* Supplied information
= = = =
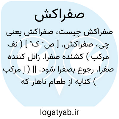 صفراکش. [ ص َ ک ُ ] ( نف مرکب ) کشنده صفرا. زائل کننده صفرا. رجوع بصفرا شود. || ( اِ مرکب ) کنایه از طعام ناهار که بوقت صبح خورند. ( آنندراج ). رجوع به صفرا شکستن شود.
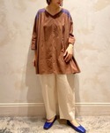 naturo(BEARDSLEY)のシャツ/ブラウス「ハンドスモック刺繍ブラウス」を使ったコーディネート
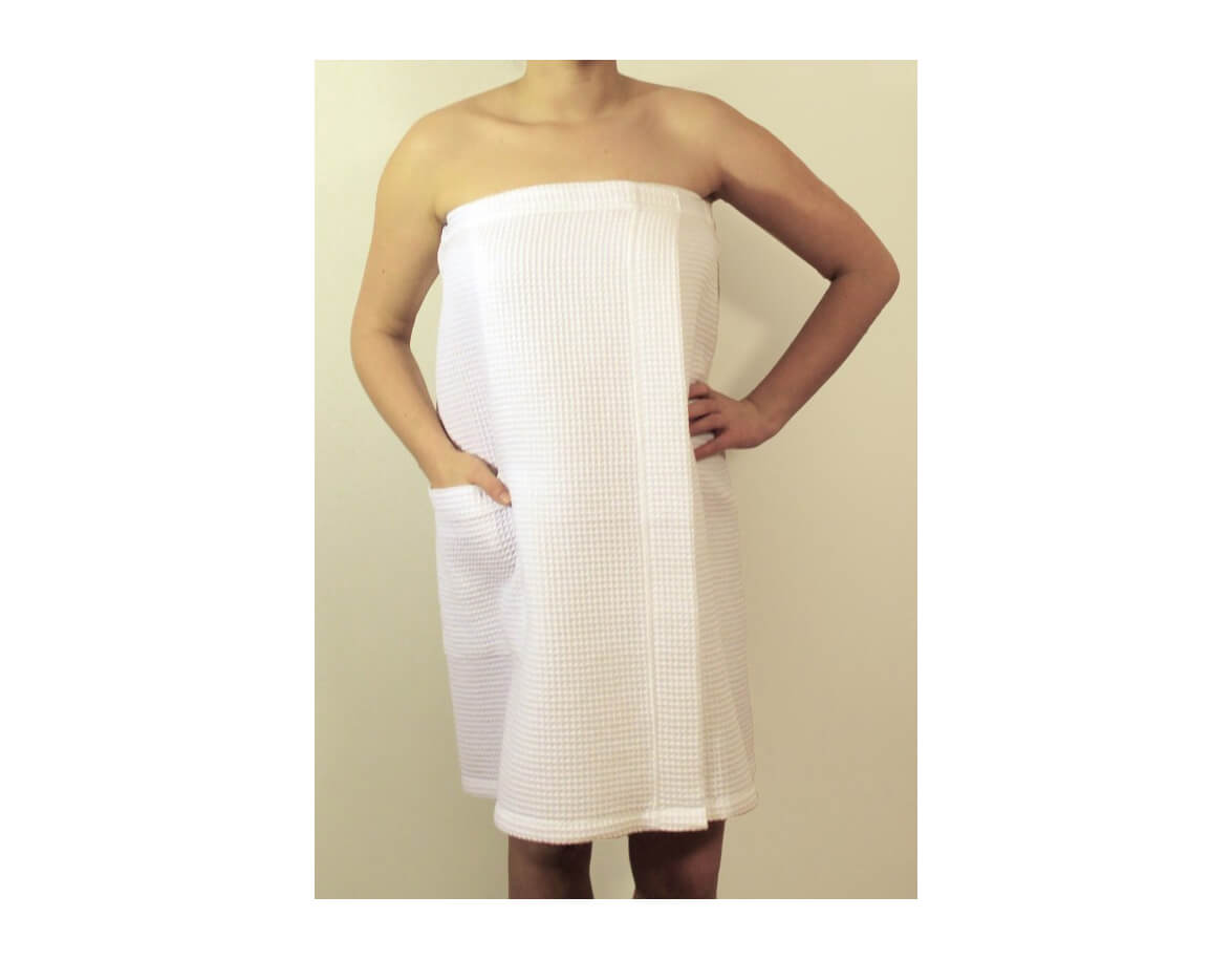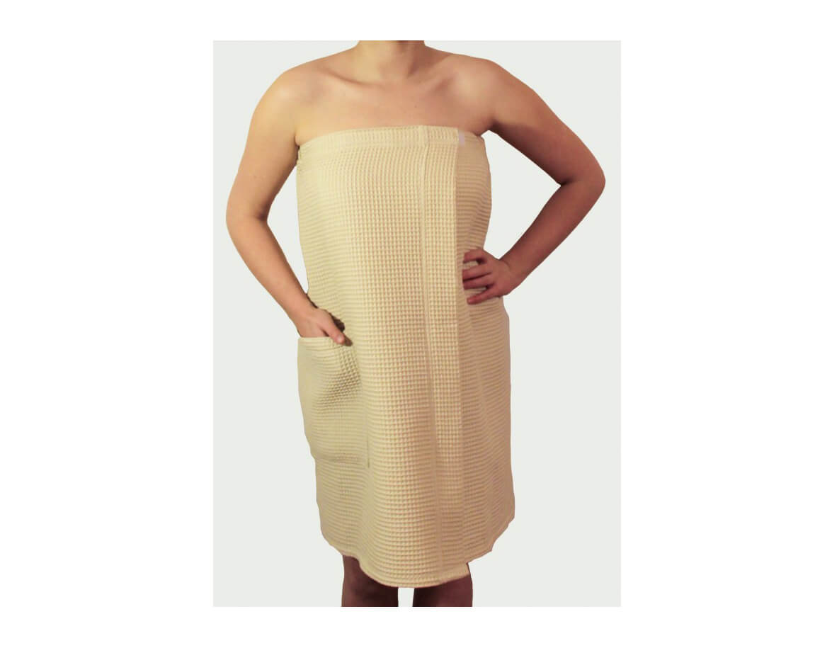 A hölgyek számára készült szaunakilt laza szabású gofrimintás anyagból varrva. A kilt légies anyaga garantálja a könnyedség, természetesség, kényelem érzetét és egyben elegáns megjelenést kölcsönöz. A test nagyobb részét elfedi, magasabb alkatú férfiak is használhatják.
= = = =
* What you are asked to do
Output the data exactly. Pictures don't belong in the result.

* Answer box
 صفراکش. [ ص َ ک ُ ] ( نف مرکب ) کشنده صفرا. زائل کننده صفرا. رجوع بصفرا شود. || ( اِ مرکب ) کنایه از طعام ناهار که بوقت صبح خورند. ( آنندراج ). رجوع به صفرا شکستن شود.
 naturo(BEARDSLEY)のシャツ/ブラウス「ハンドスモック刺繍ブラウス」を使ったコーディネート
 A hölgyek számára készült szaunakilt laza szabású gofrimintás anyagból varrva. A kilt légies anyaga garantálja a könnyedség, természetesség, kényelem érzetét és egyben elegáns megjelenést kölcsönöz. A test nagyobb részét elfedi, magasabb alkatú férfiak is használhatják.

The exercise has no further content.